To realize the damping function of the flexible sleeve 21, on one aspect, damping may be realized by using the material feature of the flexible sleeve 21. On another aspect, the damping may be realized by designing the flexible sleeve as a structure that can generate a certain deformation.
The accommodation member 211 of the flexible sleeve 21 may accommodate the microphone 31 to limit and position the microphone 31. The flexible deformation member 212 may be connected to the accommodation member 211, and the flexible deformation member 212 may generate a certain elastic deformation with the impact and vibration. As such, the vibration energy from the outside may be absorbed by using the elastic deformation to reduce the vibration transmitted to the microphone 31.
To realize the flexible deformation of the flexible deformation member 212, the flexible deformation member 212 may include a plurality of different elastic structures. In some embodiments, the flexible deformation member 212 includes a first connection segment 212a and a second connection segment 212b. A length direction of the first connection segment 212a and a length direction of the second connection segment 212b interact with each other such that the first connection segment 212a and the second connection segment 212b form a foldable or extendable bending structure.
In some embodiments, the first connection segment 212a and the second connection segment 212b of the flexible deformation member 212 may be connected in sequence along the length direction of the flexible deformation member 212, that is, a height direction of the flexible sleeve 21. The first connection segment 212a and the second connection segment 212b may have different extension directions. As such, when the flexible sleeve 21 receives the impact and vibration from the outside, the impact and the vibration may be transmitted along the height direction of the flexible sleeve 21. Then, a crossing angle between the first connection segment 212a and the second connection segment 212b may change, which may be presented as folding of the flexible deformation member 212 along the length direction. As such, the energy of the impact and the vibration may be absorbed by using the deformation of the first connection segment 212a and the second connection segment 212b. After the vibration and the impact are eliminated, the first connection segment 212a and the second connection segment 212b may recover to the original crossing angle by using their own elasticity, which may be represented by the extension of the flexible deformation member 212 along the length direction. Thus, the flexible deformation member 212 may perform folding or extension according to the received vibration or impact to reduce the vibration energy transmitted to the microphone 31.
In the flexible deformation member 212, the flexible deformation member 212 may include a two-segment format and be described as an example including the first connection segment 212a and the second connection segment 212b. In addition, the flexible deformation member 212 may also include more connection segments, and adjacent connection segments may cross with each other. As such, a structure with a larger deformation and a better vibration energy absorption may be formed, which is not repeated here.
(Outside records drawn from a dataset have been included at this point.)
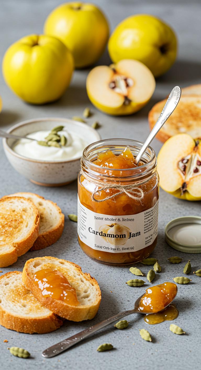 Aromatic Cardamom-Infused Quince Jam — cozy, fragrant, and perfect on toast or stirred into yogurt.
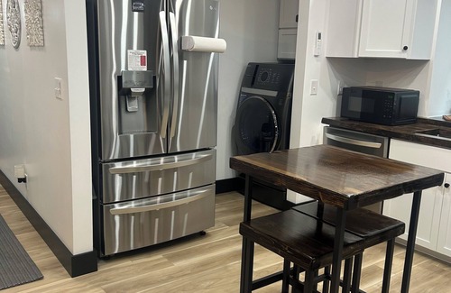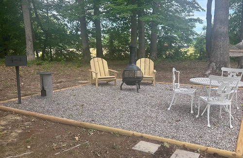 Outside the amenities continue. The private back patio features a full outdoor dining set, and a four person hot tub with a UV sanitation system, Bluetooth audio, and LED color-changing lights. Stretch out in the hammock, enjoy a game of horseshoes, grill out on the charcoal park-style grill,(bring your own charcoal) gather around the chimney style fire pit, (firewood is included) or sip your coffee on the front porch swing or bistro set.
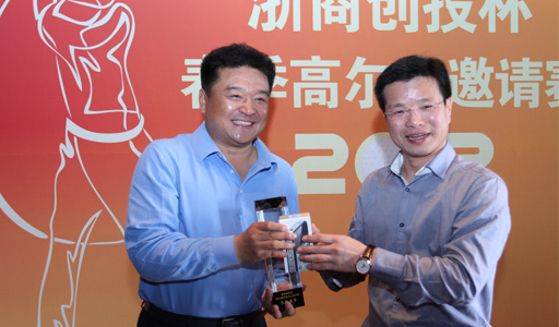 浙商創(chuàng)投董事長陳越孟(右)為北京金房房地產(chǎn)公司董事長金飛鴻(左)頒得“總桿冠軍”
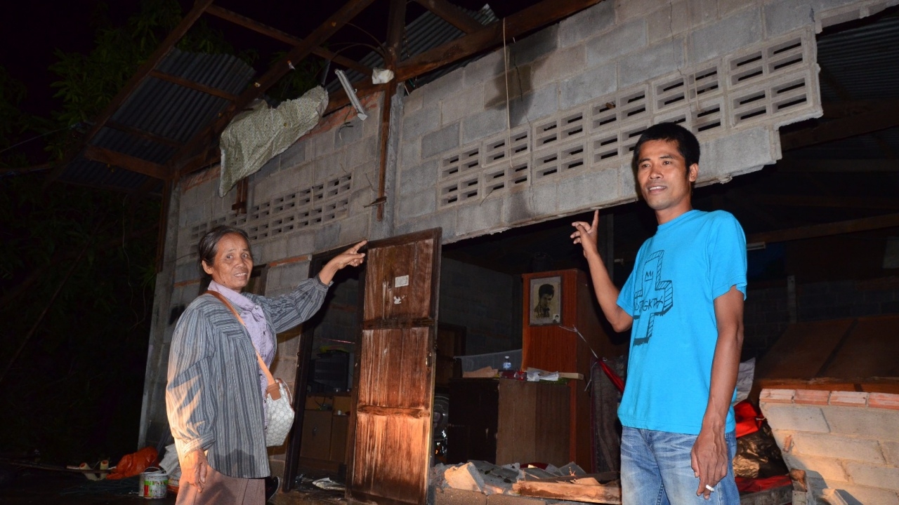 สอบถามนางเสวียน เล่าว่า เวลาประมาณ 18.00 น.(26 ก.ค.60) ขณะที่ตนเองกับลูกหลาน รวม 7 ชีวิต นอนดูทีวีอยู่ภายในบ้านได้มีลมพายุและฝนตกพัดมาอย่างแรงเสียงดัง จากนั้นก็พัดต้นแต้ ต้นไม้มี่อยู่ด้านหน้าบ้านล้มทับหลังคาและผนังบ้านได้รับความเสียหายทั้งหลัง ที่นอนและของใช้ทั้งหมดได้รับความเสียหายยังไม่รู้จะไปนอนที่ไหน แต่ยังโชคดีไม่มีใครในครอบครัวที่ได้รับอันตรายแต่อย่างใด
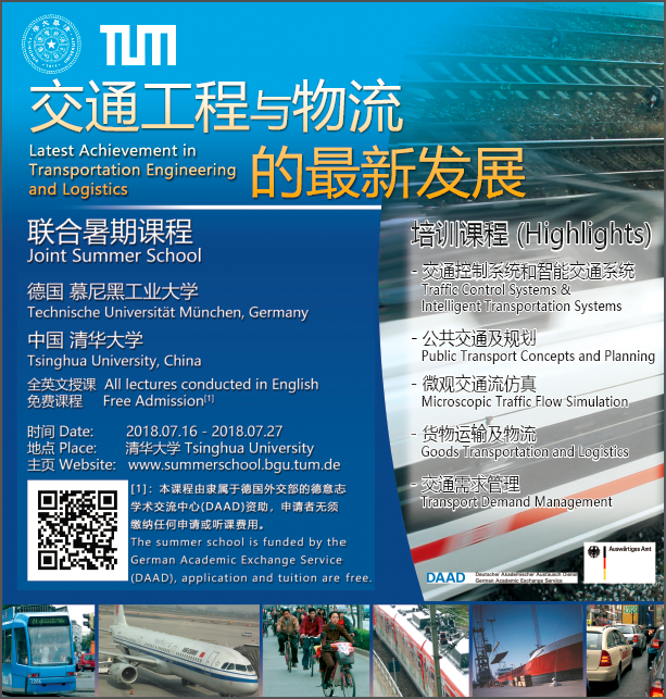 清华大学交通研究所与德国慕尼黑工业大学自 2007 年开始合作举办交通前沿暑期学校课程。该暑期学校以 “ 交流、分享、非盈利 ” 为宗旨,将国内外交通前沿知识与全国高校的优秀员工分享,促进高校人才的交流培养、引导先进交通技术的发展,推广中德学术交流与合作。
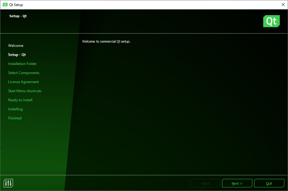 - once the user has authenticated her/himself in the Qt Maintenance tool, he sees the "Welcome to the Qt Installation!" message and the loading of the metadata starts immediately (see attached image)
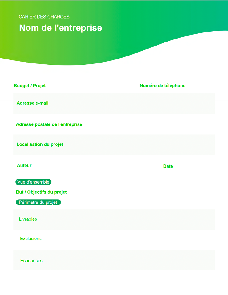 Tout ce qui, selon vous, apportera une valeur ajoutée à la gestion du projet doit être inclus dans ce document. Par exemple, des outils spécifiques à utiliser, des mises à jour à effectuer ou des réunions à planifier et payer.
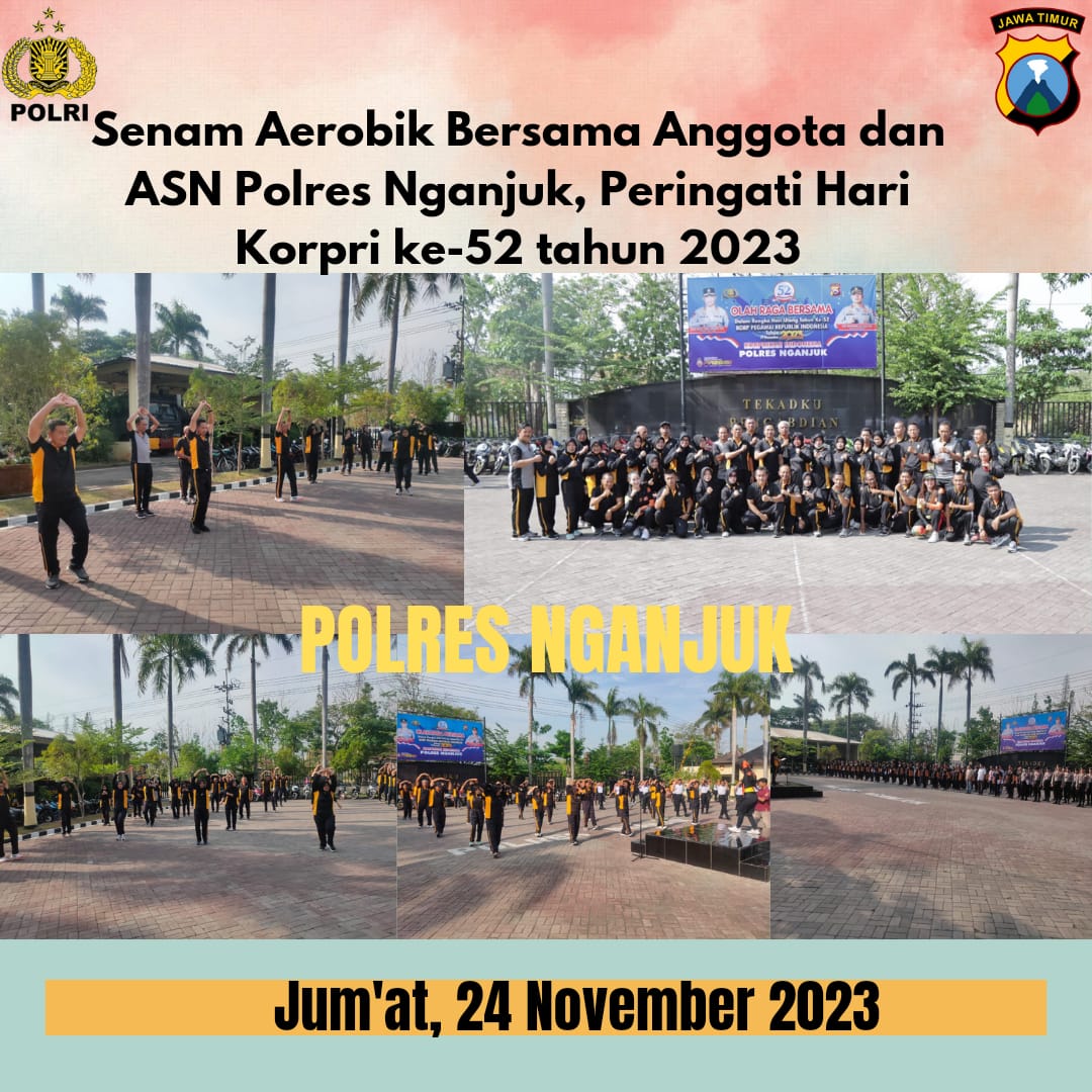INFORMASI-REALITA.NET || NGANJUK – Dalam rangka memperingati hari Korp Pegawai Republik Indonesia (Korpri) ke – 52 tahun 2023, seluruh anggota bersama ASN (Aparatur Sipil Negara)Polres Nganjuk melaksanakan senam aerobik di halaman apel Polres Nganjuk, Jumat (24/11/2023).
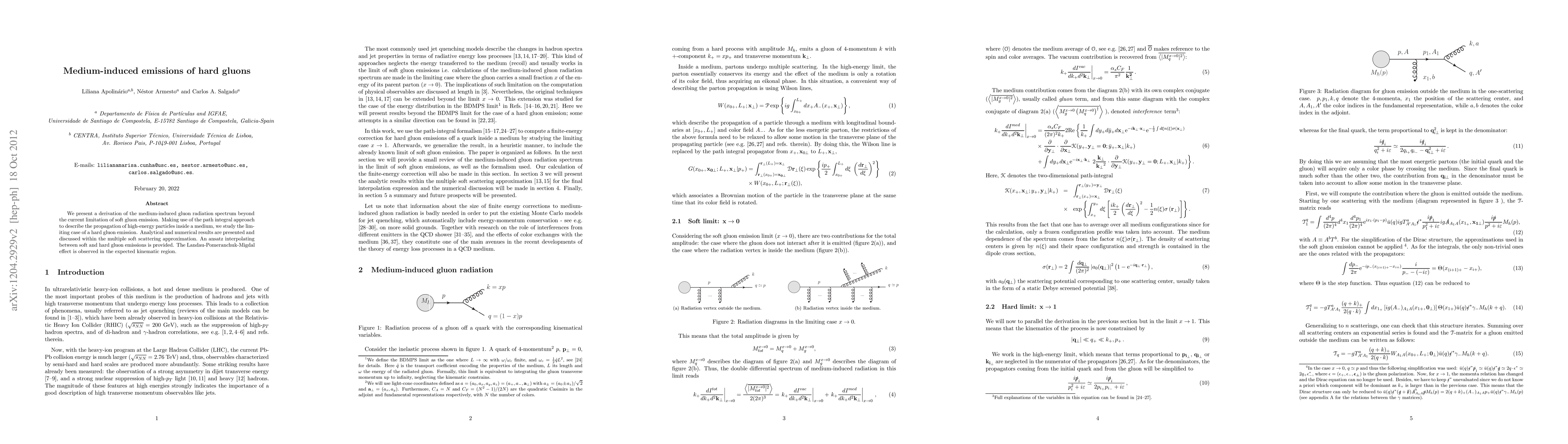 We present a derivation of the medium-induced gluon radiation spectrum beyond the current limitation of soft gluon emission. Making use of the path integral approach to describe the propagation of high-energy particles inside a medium, we study the limiting case of a hard gluon emission. Analytical and numerical results are presented and discussed within the multiple soft scattering approximation. An ansatz interpolating between soft and hard gluon emissions is provided. The Landau-Pomeranchuk-Migdal effect is observed in the expected kinematic region.

In some embodiments, to fix the flexible sleeve 21 at the circuit board 32, the flexible sleeve 21 further includes a mounting member 213 configured to connect to the circuit board 32. The mounting member 213 is connected to the flexible deformation member 212. The mounting member 213 may be connected to the circuit board 32 by a plurality of manners.
In some embodiments, to fix the flexible sleeve 21 at the circuit board 32, the flexible sleeve 21 further includes a mounting member 213 connected to the circuit board 32. The mounting member 213 is connected to the flexible deformation member 212. The mounting member 213 may be connected to the circuit board 32 by a plurality of manners.
In some embodiments, the circuit board 32 includes a mounting hole 321. The mounting member 213 passes through and is fixed in the mounting hole 321 to realize the connection between the flexible sleeve 21 and the circuit board 32. The mounting hole 321 may have a defined position and may position the mounting member 213. A wall of the mounting hole 321 may limit and support the mounting member 213 to effectively fix the mounting member 213.
Correspondingly, in some embodiments, to be fixed in the mounting hole 321, the mounting member 213 further includes a snap slot 2131. The snap slot 2131 is arranged at an edge of the mounting hole 321. As such, two sides of the snap slot 2131 clamp at up and down sides of the circuit board 32, respectively. The snap slot 2131 and the edge of the mounting hole 321 abut against and snap with each other. Thus, the mounting member 213 may be snaped and connected to the mounting hole 321.
In some embodiments, the snap slot 2131 may include a plurality of different structures. For example, in some embodiments, the snap slot 2131 may include a ring-shaped snap slot. The snap slot 2131 is snapped and arranged at the circumferential edge of the mounting hole 321. Thus, the snap slot 2131 may be snapped and connected to the mounting hole 321 at the circumstance of the flexible sleeve 21. As such, the snap connection between the snap slot 2131 and the mounting hole 321 may be relatively stable.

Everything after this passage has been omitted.